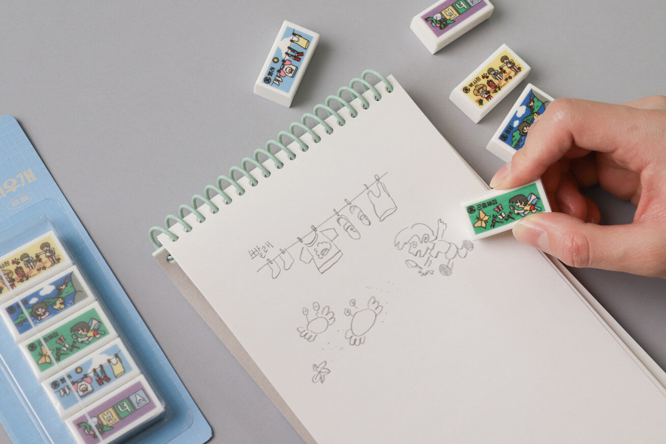 The modular design, featuring three erasers side-by-side, offers visual satisfaction while maintaining the smooth and clean erasing performance unique to HWARANG erasers. The sleeve design, enhanced by OIMU’s sensible graphics, transforms your daily writing time into something truly special.
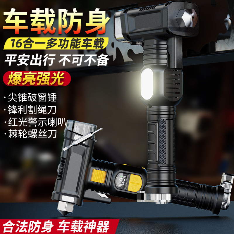 車の多機能懐中電灯ウィンドウブレーカーハンマードライバー屋外赤色光警告電子ホーン COB サイドライト懐中電灯
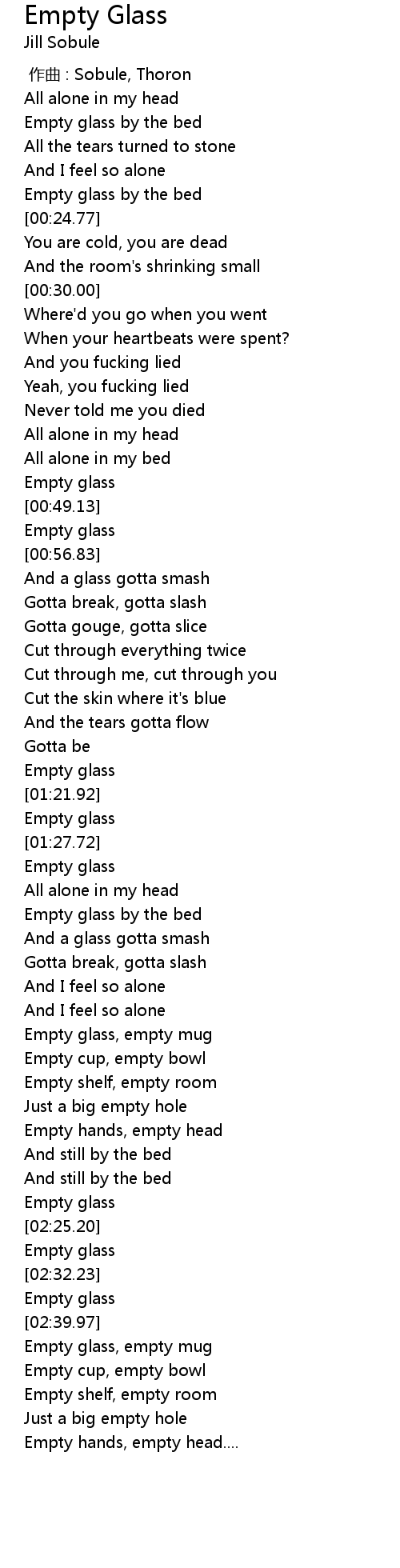 | [00:54.07] | Empty glass |
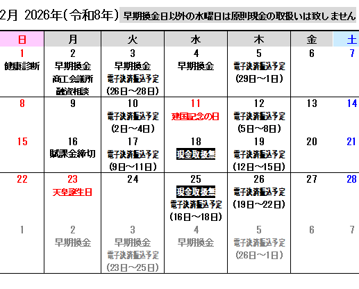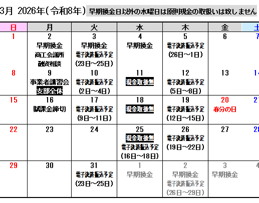 祝休日に伴い電子決済振込予定日が下記の通り変更になります。
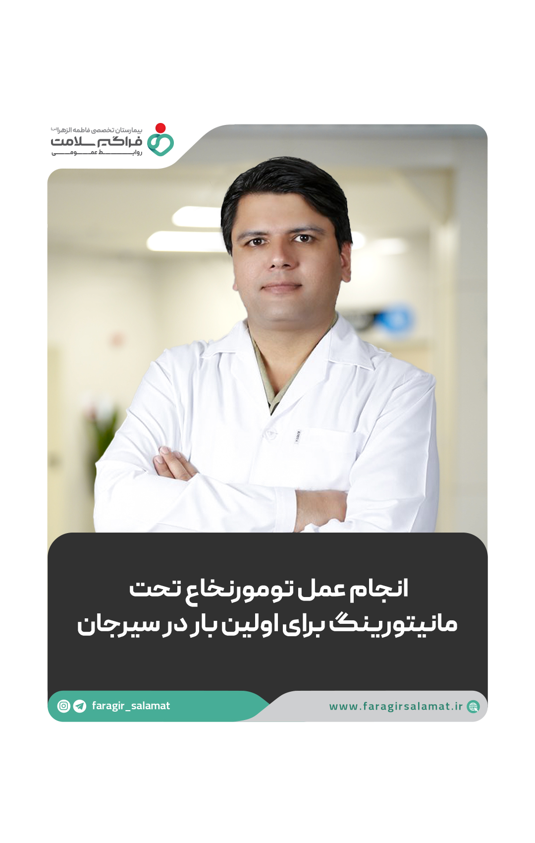 برای نخستین‌بار در شهرستان سیرجان، جراحی پیشرفته‌ی تومور نخاعی تحت مانیتورینگ عصبی حین عمل، با موفقیت در بیمارستان تخصصی فاطمه‌الزهرا (س) فراگیر سلامت انجام شد.
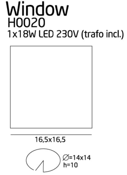 Moc/Power: 1 x 18W LED 230V (trafo incl)
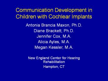<Notice: Removed> Communication Development in Children with Cochlear Implants PowerPoint PPT Presentation

Exercise: Word for word, restate the lines from the one containing "祝休日に伴い電子決済振込予定日が下記の通り変更になります。" through the end of the entries. Do not include pictures.

Finished task:
 祝休日に伴い電子決済振込予定日が下記の通り変更になります。
 برای نخستین‌بار در شهرستان سیرجان، جراحی پیشرفته‌ی تومور نخاعی تحت مانیتورینگ عصبی حین عمل، با موفقیت در بیمارستان تخصصی فاطمه‌الزهرا (س) فراگیر سلامت انجام شد.
 Moc/Power: 1 x 18W LED 230V (trafo incl)
<Notice: Removed> Communication Development in Children with Cochlear Implants PowerPoint PPT Presentation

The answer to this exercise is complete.